Activists, progressives connect the dots between Black lives and Palestinians

As the calamitous violence in the Gaza Strip comes to a shaky ceasefire, Black Lives Matter activists in elected seats and on the streets are continuing to articulate the ways that the Palestinian struggle for freedom in the Middle East relates to the Black one in America and around the globe. 

Congress members like Rep. Cori Bush (D-MO), Ilhan Omar (D-Min), Jamaal Bowman (D-NY), and Rashida Tlaib (D-MI) have not only expressed their solidarity online but are demanding that the Biden Administration take action that will have a lasting impact beyond a ceasefire and not be mistaken for peace. 

Read More: Biden must speak out against apartheid in Israel

“A ceasefire ends the bombardment — not the violence. The Israeli military’s occupation continues. The blockade continues. The ethnic cleansing continues. Our government must stop funding the apartheid status quo,” Bush tweeted on Saturday, cementing her stance against Israeli military occupation.  

Black people in America and around the globe have intimate knowledge and memory of state-sanctioned displacement, policing, occupation, and terrorism. Bush’s voice is part of a chorus of other lawmakers, organizers, and activists who have drawn parallels between the two communities in statements submitted to Congress and on social media. 

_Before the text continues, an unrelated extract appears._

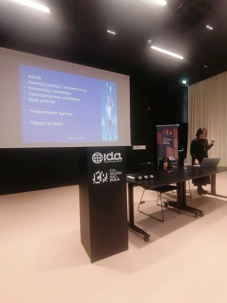 Tema predavanja bila je „ADHD i slični popremejaćo kod djece", a predavanje je održala izv. prof.dr.sc. Mirjana Graovac, dr.med. specijalist psihijatrije, subspecijalist dječje i adolescentne psihijatrije, subspecijalist psihoterapije.
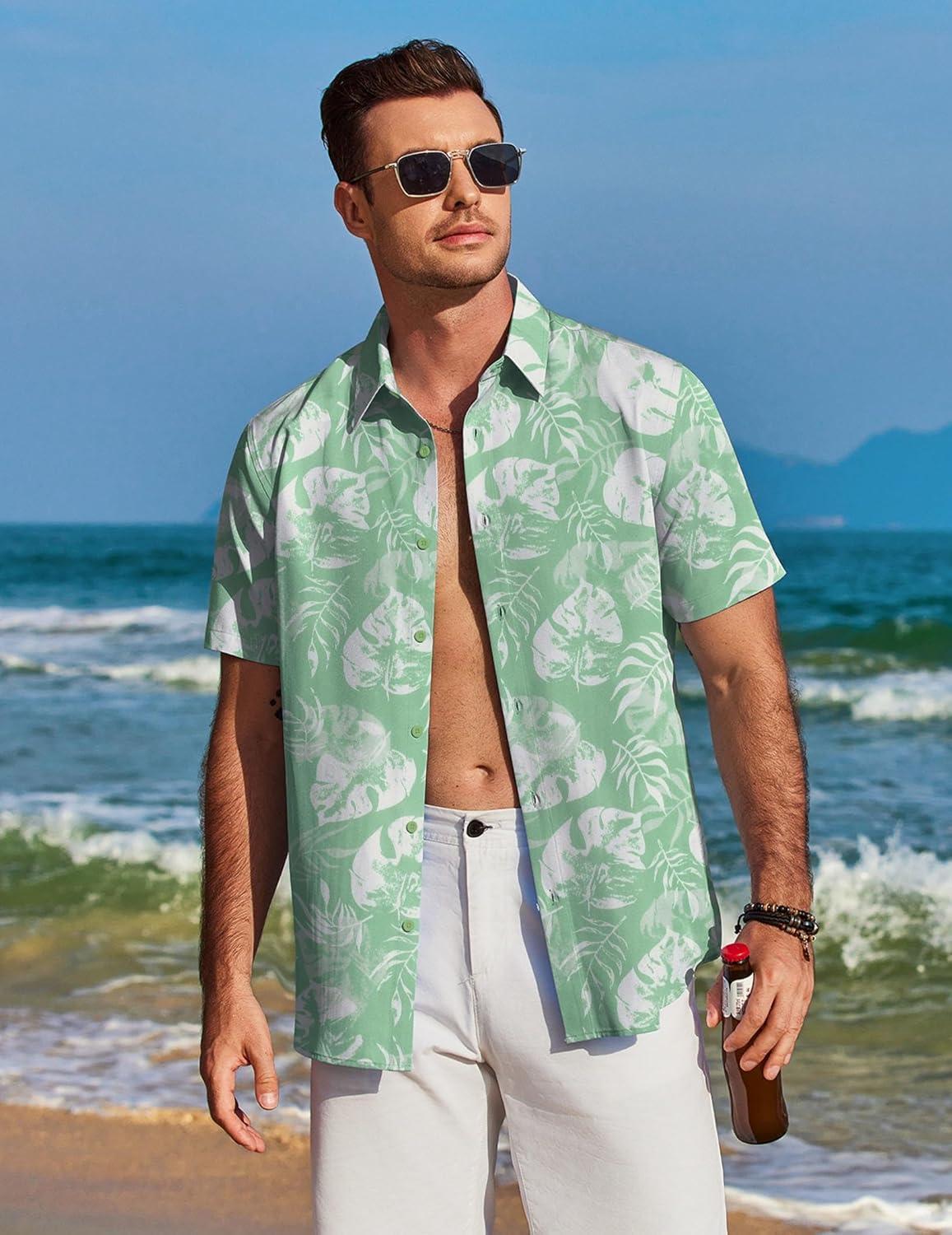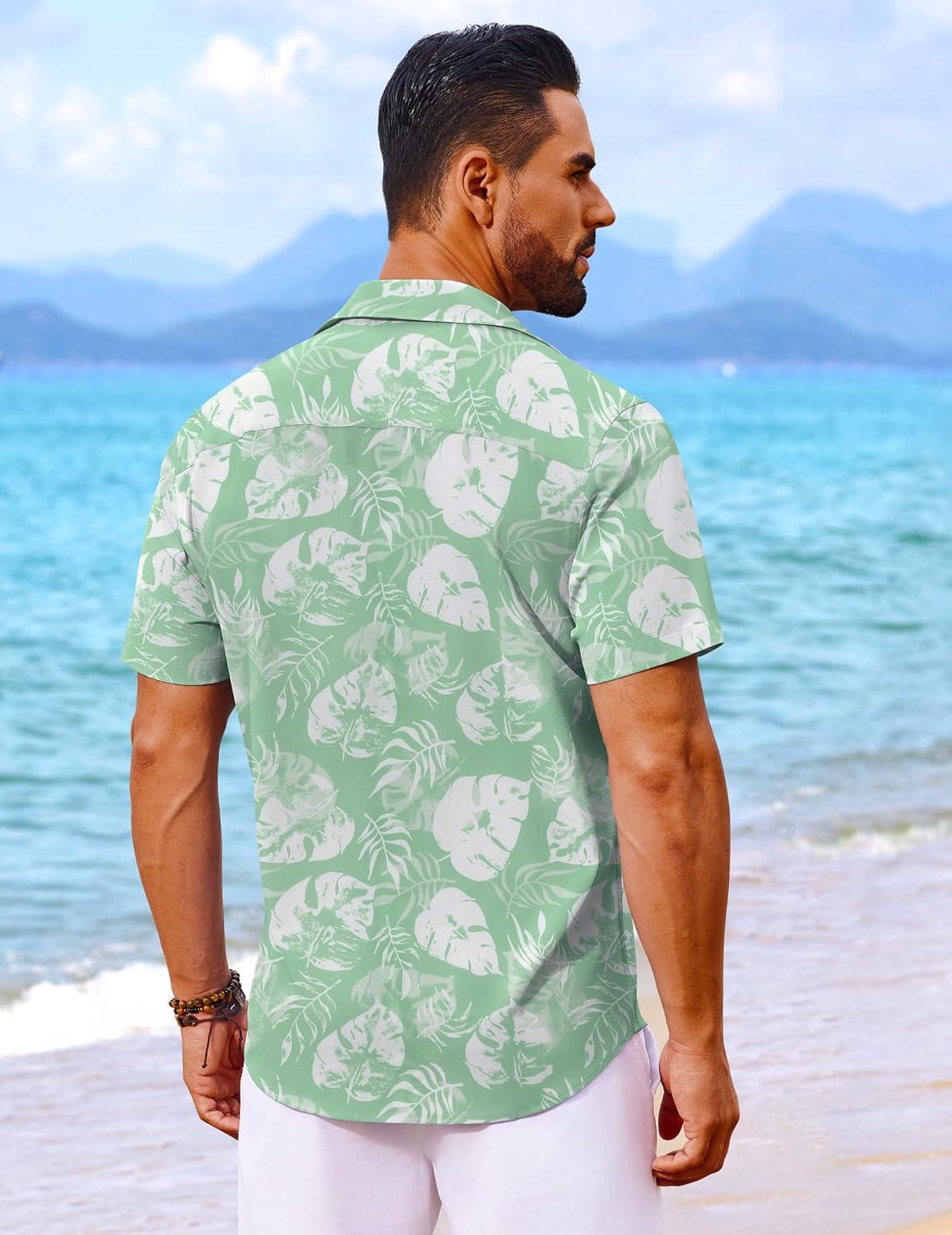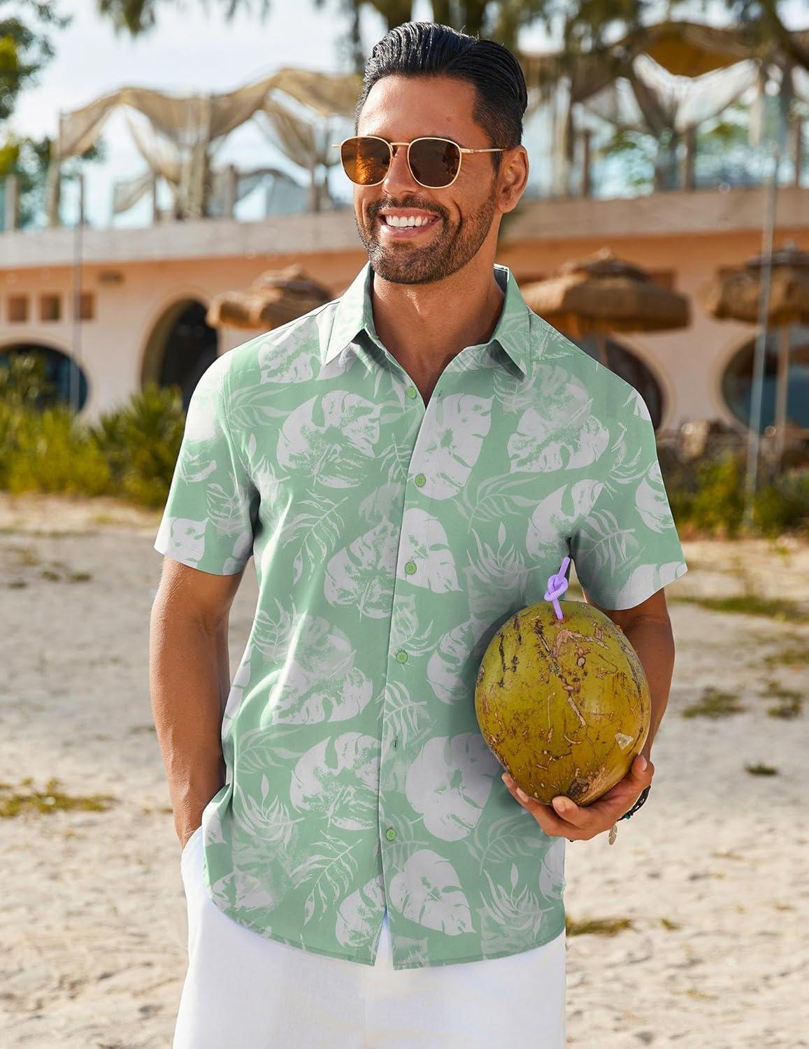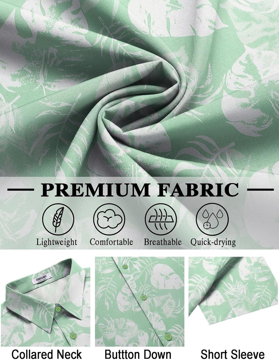 COOFANDY Mens Hawaiian Shirt Short Sleeve Button Down Shirts Tropical Floral Summer Beach Shirts(Light Green – Graffiti Leaf)

“As we march in defense of Black lives, we are not just saying that Black people in this country should be able to live full and joyous lives,” Bush (D-MO) wrote in a statement to The Washington Post. “We’re saying that our own government is funding a brutal and militarized disposition towards our very existence — from Ferguson to Palestine.”

Before the Israeli government and the militant group Hamas made the announcement on Thursday, Rep. Jamaal Bowman (D-NY) prepared to introduce a House resolution calling for a ceasefire, stating that “every Palestinian life matters” and “every Israeli life matters” but also speaking to the systemic conditions the Palestinian people have endured.

“As a Black man in America, I understand on a personal level what it means to live in a society designed to perpetuate violence against people who look like me,” said Rep. Jamaal Bowman (D-NY) in a statement to Congress. “My experience of systemic injustice, including being beaten by police at 11 years old, informs my view of what’s happening right now in Israel and Palestine.”

Read More: U.S. Rep. Bowman disputes fellow Dem Torres over Israel-Palestine conflict

Melina Abdullah, who is the department chair of Pan African Studies at California State University, Los Angeles and co-founder of the city’s BLM chapter also told the Washington Post that the organization has been in solidarity with the Palestinian people almost since its inception. 

“We understand that the liberation of Black people in the United States is tied to the liberation of Black people all over the world, and tied to the liberation of oppressed people all over the world,” said Abdullah.